The task →
Beginning with the line below that contains "Construction worker holding" and ending with the line that contains "Update your wardrobe", copy every line exactly. Copy nothing else.

Extracted material →
________________
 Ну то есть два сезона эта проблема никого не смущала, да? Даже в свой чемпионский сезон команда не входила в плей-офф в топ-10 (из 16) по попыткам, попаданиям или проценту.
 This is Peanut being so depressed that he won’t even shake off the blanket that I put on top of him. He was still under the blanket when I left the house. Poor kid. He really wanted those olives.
________________
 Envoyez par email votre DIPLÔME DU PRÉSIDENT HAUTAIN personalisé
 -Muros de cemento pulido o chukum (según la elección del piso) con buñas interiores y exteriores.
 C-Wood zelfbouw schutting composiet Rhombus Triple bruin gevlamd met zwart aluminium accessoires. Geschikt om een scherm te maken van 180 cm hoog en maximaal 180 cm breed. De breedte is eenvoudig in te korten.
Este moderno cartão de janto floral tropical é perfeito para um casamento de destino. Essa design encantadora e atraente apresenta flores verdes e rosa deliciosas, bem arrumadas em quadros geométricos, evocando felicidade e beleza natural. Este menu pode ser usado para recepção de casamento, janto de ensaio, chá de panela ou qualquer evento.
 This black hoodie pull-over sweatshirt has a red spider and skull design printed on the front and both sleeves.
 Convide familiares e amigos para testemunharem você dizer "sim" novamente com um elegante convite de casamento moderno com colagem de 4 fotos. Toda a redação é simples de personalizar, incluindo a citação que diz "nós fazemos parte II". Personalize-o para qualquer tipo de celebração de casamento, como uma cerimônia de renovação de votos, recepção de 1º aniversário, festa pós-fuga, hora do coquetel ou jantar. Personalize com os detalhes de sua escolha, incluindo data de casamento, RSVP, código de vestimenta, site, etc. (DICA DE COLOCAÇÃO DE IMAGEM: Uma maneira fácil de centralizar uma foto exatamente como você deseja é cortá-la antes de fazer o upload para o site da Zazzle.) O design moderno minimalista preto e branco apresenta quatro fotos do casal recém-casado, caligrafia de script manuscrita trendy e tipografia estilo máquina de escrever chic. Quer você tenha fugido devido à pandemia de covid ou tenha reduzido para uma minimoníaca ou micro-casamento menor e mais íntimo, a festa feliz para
________________
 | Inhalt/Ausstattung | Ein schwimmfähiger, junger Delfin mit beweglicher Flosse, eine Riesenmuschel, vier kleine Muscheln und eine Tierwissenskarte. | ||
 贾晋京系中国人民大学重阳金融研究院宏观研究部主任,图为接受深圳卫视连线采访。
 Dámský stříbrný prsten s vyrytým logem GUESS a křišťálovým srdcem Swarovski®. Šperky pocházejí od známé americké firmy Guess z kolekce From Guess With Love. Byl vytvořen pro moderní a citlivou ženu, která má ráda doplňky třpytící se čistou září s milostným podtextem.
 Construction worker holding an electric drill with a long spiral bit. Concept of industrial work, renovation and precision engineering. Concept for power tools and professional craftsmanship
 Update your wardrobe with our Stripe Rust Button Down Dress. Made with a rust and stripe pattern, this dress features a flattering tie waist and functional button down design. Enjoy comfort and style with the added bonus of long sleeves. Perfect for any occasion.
________________
Written solution →
 Construction worker holding an electric drill with a long spiral bit. Concept of industrial work, renovation and precision engineering. Concept for power tools and professional craftsmanship
 Update your wardrobe with our Stripe Rust Button Down Dress. Made with a rust and stripe pattern, this dress features a flattering tie waist and functional button down design. Enjoy comfort and style with the added bonus of long sleeves. Perfect for any occasion.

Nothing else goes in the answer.